Die Lungenfachärzte in Deutschland fordern ein schnellstmögliches Verbot von Einweg-E-Zigaretten. Deutschland dürfe in diesem Punkt anderen Ländern nicht weiter hinterherhinken. In der vergangenen Woche hatte der französische Senat das Verbot von Einweg-E-Zigaretten verabschiedet. Belgien ist schon zuvor diesen Schritt gegangen.

„Einweg-E-Zigaretten stellen eine ernsthafte Bedrohung für die öffentliche Gesundheit dar, insbesondere für Jugendliche und junge Erwachsene“, sagt Prof. Wolfram Windisch von der Deutsche Gesellschaft für Pneumologie und Beatmungsmedizin.

Nutzung von E-Zigaretten bei Kindern und Jugendlichen angestiegen

Im Kindes- und Jugendalter ist die Nutzung der E-Zigaretten in den vergangenen Jahren sprunghaft angestiegen. „Mittlerweile ist die E-Zigarette bei Kindern und Jugendlichen das am häufigsten konsumierte nikotinhaltige Produkt, noch vor der Tabakzigarette und der Wasserpfeife“, so Prof. Reiner Hanewinkel vom Kieler Institut für Therapie- und Gesundheitsforschung.

Das Institut hat ermittelt:

  • 2024 hatte jedes achte Kind im Alter von 9 bis 13 Jahren schon einmal E-Zigaretten probiert, insgesamt 12,8 Prozent.
  • Unter den 14- bis 17-Jährigen waren es mehr als jeder Dritte – 37,5 Prozent.
  • Die Zahl der erwachsenen E-Zigaretten-Nutzenden in Deutschland lag zuletzt geschätzt bei mehr als 2 Millionen.

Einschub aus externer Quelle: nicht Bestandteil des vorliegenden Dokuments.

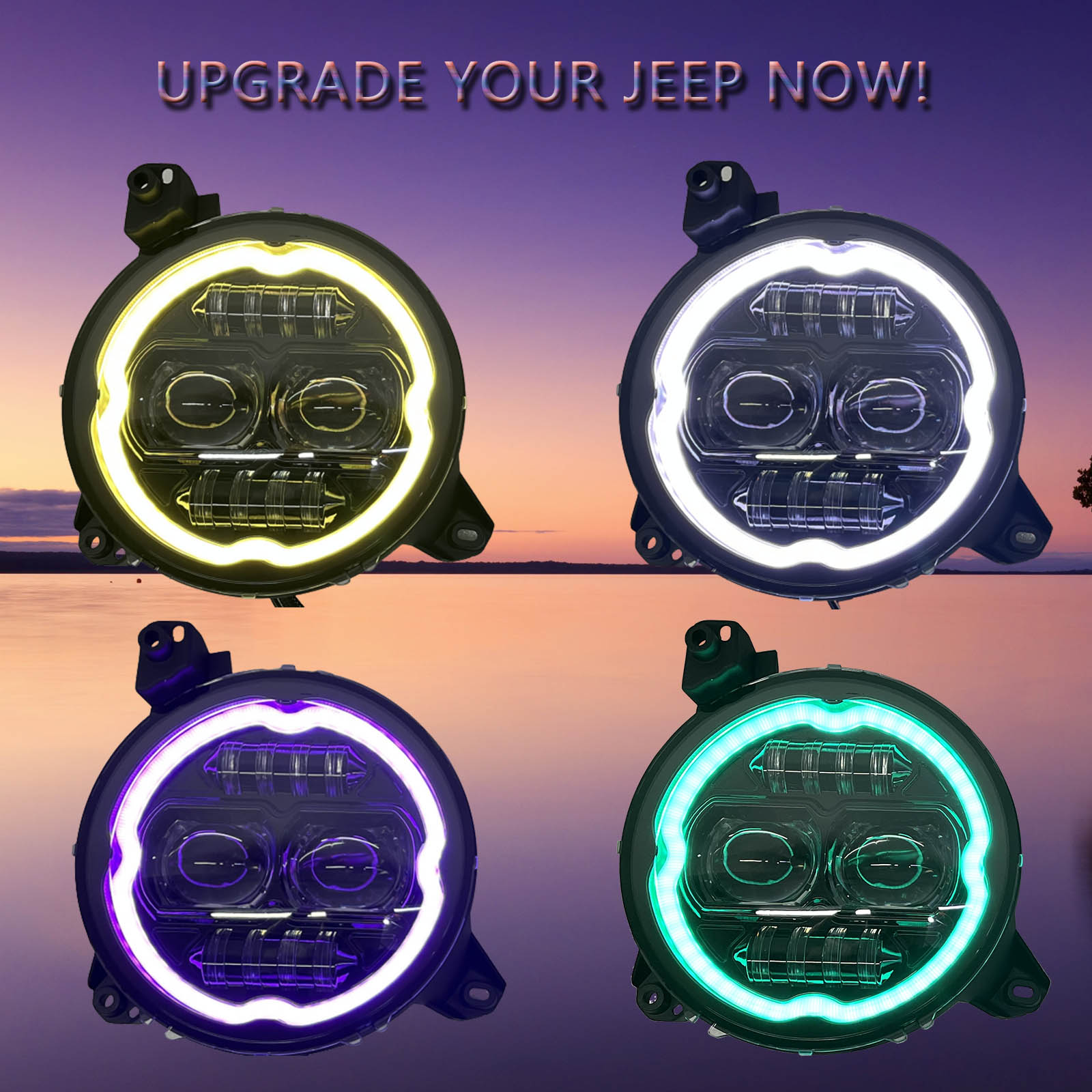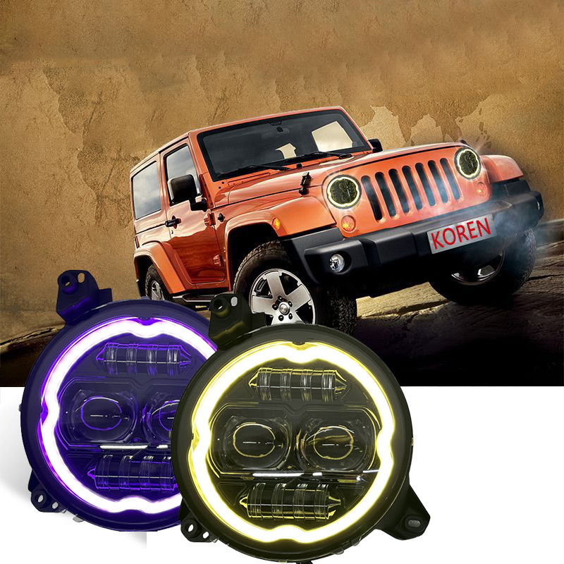 9 Inch LED Headlights with Multi-color Chasing RGB Halos

„Die Vielzahl der auf dem Markt angebotenen Aromastoffe für E-Zigaretten spricht natürlich besonders Jugendliche an und trägt dazu bei, dass das Suchtpotenzial bei dieser Zielgruppe deutlich erhöht wird“, so Hanewinkel. 

Risiken für Anwender von Einweg-E-Zigaretten

Die Fachgesellschaft weist auf die gesundheitliche Risiken hin, die durch das Dampfen von Einweg-E-Zigaretten auftreten können:

  • Nikotinabhängigkeit: Das in den meisten E-Zigaretten enthaltene Nikotin kann eine rasche Nikotinabhängigkeit entstehen lassen - ähnlich dem Rauchen von Tabakzigaretten.
  • Nikotin kann die Hirnentwicklung negativ beeinflussen, was umso schlimmer ist, je jünger die E-Zigaretten-Konsumierenden sind.
  • Schaden durch Aromen: Aromastoffe erleichtern den Inhalationsvorgang, suggerieren eine Harmlosigkeit, fördern damit die Nikotinabhängigkeit und sind ihrerseits gesundheitsschädlich.
  • Erhöhtes Krebsrisiko: Beim Erhitzen der Liquids entstehen krebserregende Stoffe wie Formaldehyd, Acetaldehyd und Acrolein.
  • Atemwegserkrankungen: Das Aerosol von E-Zigaretten kann Atemwegserkrankungen auslösen.
  • Herz-Kreislauf-Schäden: Die Inhalation kann das Herz-Kreislauf-System schädigen.
  • Einstieg in den Tabakkonsum: Studien zeigen, dass junge E-Zigaretten-Konsumenten ein bis zu dreimal höheres Risiko haben, später auf Tabakzigaretten umzusteigen.
  • Schädigung durch Schwermetalle: Im Aerosol wurden Metalle wie Nickel, Chrom und Blei nachgewiesen.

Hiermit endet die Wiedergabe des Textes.